Original paper from 2014, by Austin T. Clements, M. Frans Kaashoek, and Nickolai Zeldovich: https://pdos.csail.mit.edu/papers/radixvm%3Aeurosys13-2014-08-05.pdf
This paper aims to address the problem of multithreaded applications on many-core processors being bottlenecked by contended locks inside the operating system’s virtual memory system. It presents a new virtual memory design and implementation in RadixVM, a system that enables concurrent operations on shared memory address spaces for multithreaded processes on cache-coherent multicore computers.
The main idea presented by the authors is that RadixVM can ensure that address spaces operations (nmap, and munmap) happening on non-overlapping regions of the memory can scale perfectly, by making them run in parallel instead of serializing it as most Operating Systems do.
To achieve this goal, three techniques are combined on its design: a different data structure for organizing metadata and the space address mapping named Radix tree, a memory-efficient reference counting scheme, and a TLB shootdown scheme that limits the number of cores that must be contacted to perform a TLB shootdown (the operation that happens when a thread removes a region from its address space).
To evaluate RadixVM, the authors compared RadixVM virtual memory performance against Linux and Linux with Bonsai running multiple page write operations per second. The benchmarks results presented demonstrate that RadixVM achieves its goal of allowing operations on non-overlapping regions to scale with the number of cores, highlighting some exceptions where the system outperformed such as the pipeline microbenchmark.
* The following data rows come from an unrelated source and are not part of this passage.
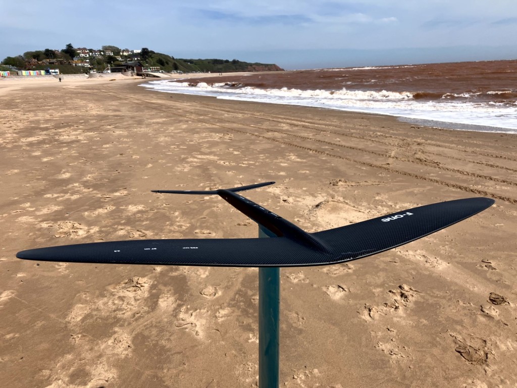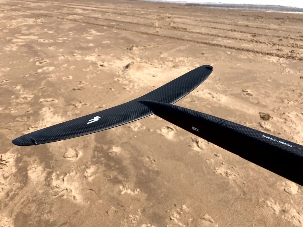 Having selected the 950cm2 foil to try (rider weight ~ 85kg), this included the XXS 200cm2 monobloc ‘carving’ tail. Both the front and rear wings have pretty thin profiles, a good amount of downturn (presumably to keep the tips lower during roll), and similar unassuming wingtip designs. The rear wing features F-One’s fences, little ridges in the direction of travel close to the wingtips, but the front wing does not.
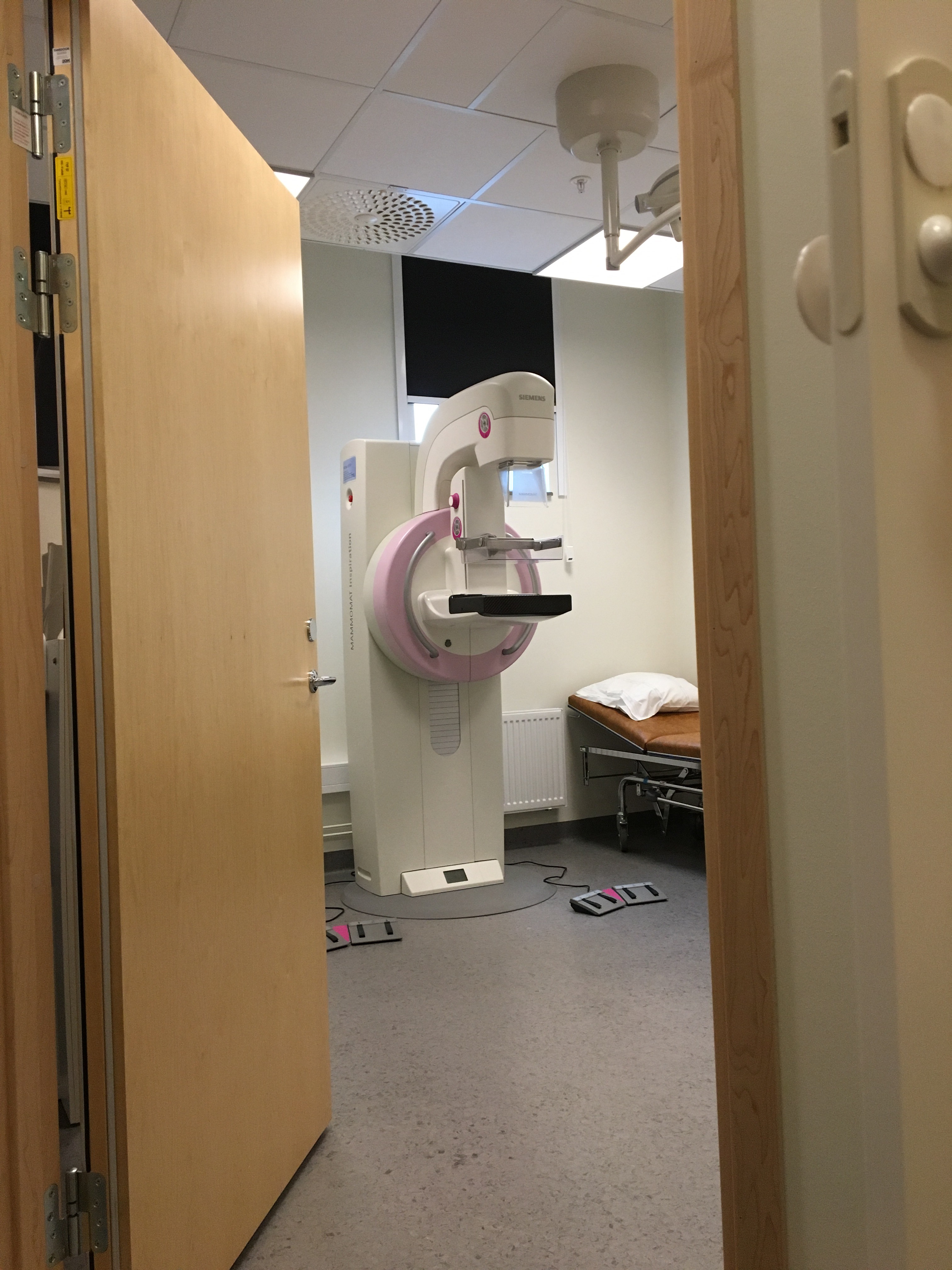 Av med paltorna på överkroppen och på med en blå sjukhusskjorta. Sen in i röntgenrummet. In med brösten i Mammomaten, som maskinen hette. Och jag var återigen tacksam över att jag inte hade klämt dem ömma innan. För nu var det verkligen inte behagligt. Och det är det ju aldrig nånsin på såna här undersökningar. Det vet ju alla som har gjort en mammografi. Att ett bröst kan bli så platt är ju helt otroligt. Men tacksamheten över stt bara få vara där överskuggade all smärta.
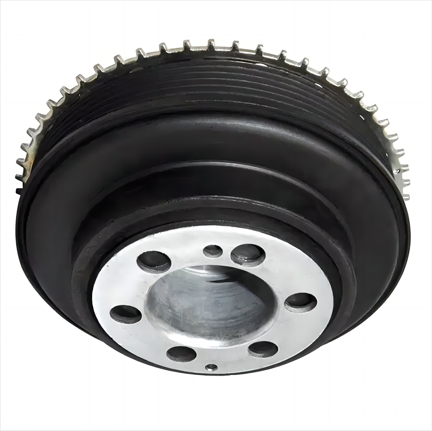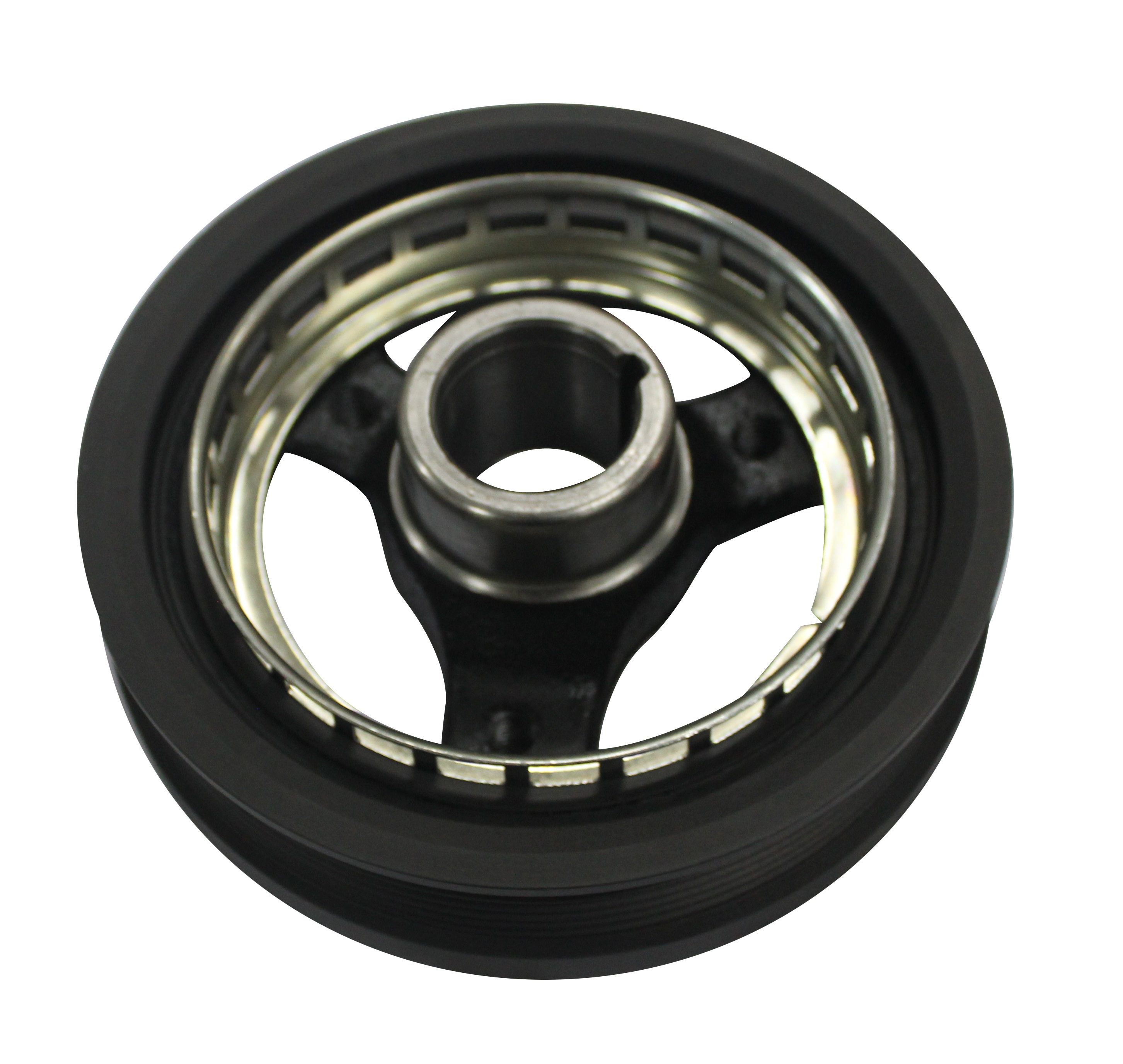 曲軸減震皮帶輪,是發動機前端附件系統的重要零件之一,分為橡膠減震皮帶輪、硅油扭轉減震皮帶輪及橡膠硅油復合型扭轉減震皮帶輪,基本結構一般由輪轂、外圈、橡膠組成,大多安裝于曲軸的前端,傳遞曲軸輸出的扭矩以驅動輪系附件。
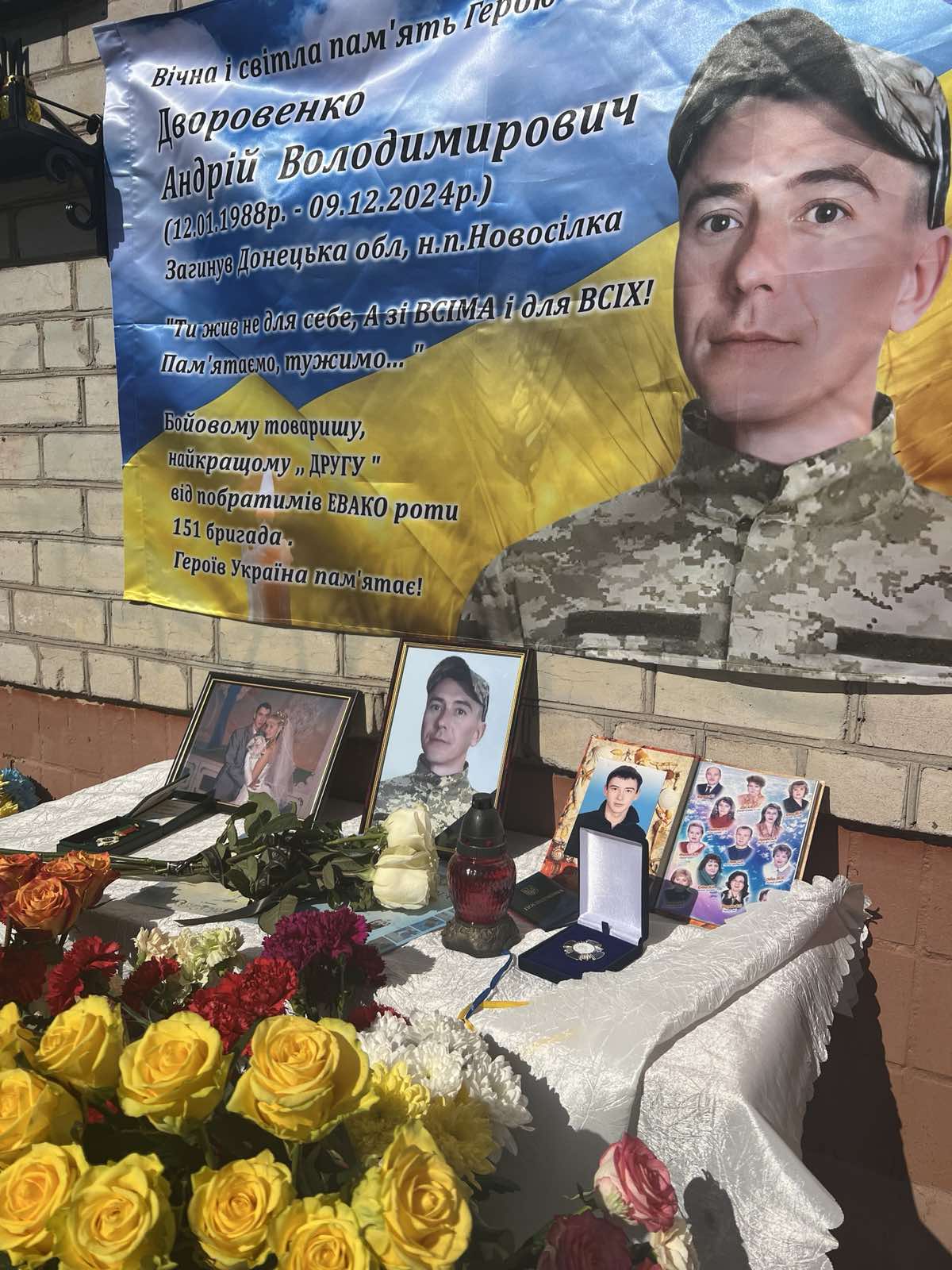 ДВОРОВЕНКО АНДРІЙ ВОЛОДИМИРОВИЧ, солдат, водій кранівник Евакуаційного відділення евакуаційного взводу евакуаційної роти ремонтно-відновлювального батальйону. Загинув поблизу населеного пункту Новосілка Волноваського району Донецької області, захищаючи незалежність, суверенітет і територіальну цілісність України.

There are attractive related works that the authors took into consideration when designing the main aspects of RadixVM design. The scalable reference counter scheme for example inherits many ideas from sloppy counters, SNZI (scalable nonzero indicators), shared vs. local counts in Modula 2, and other techniques to increment and decrement using per-core counters using delays and batches for zero detection.
Some techniques to reduce the per-core page table overhead were not implemented, such as discarding the page table memory. This caused a sense of curiosity on why some of these presented ideas were not implemented by the authors. RadixVM is well detailed and the main design aspects of its implementations are very well described in the paper, which validates the paper contributions even more.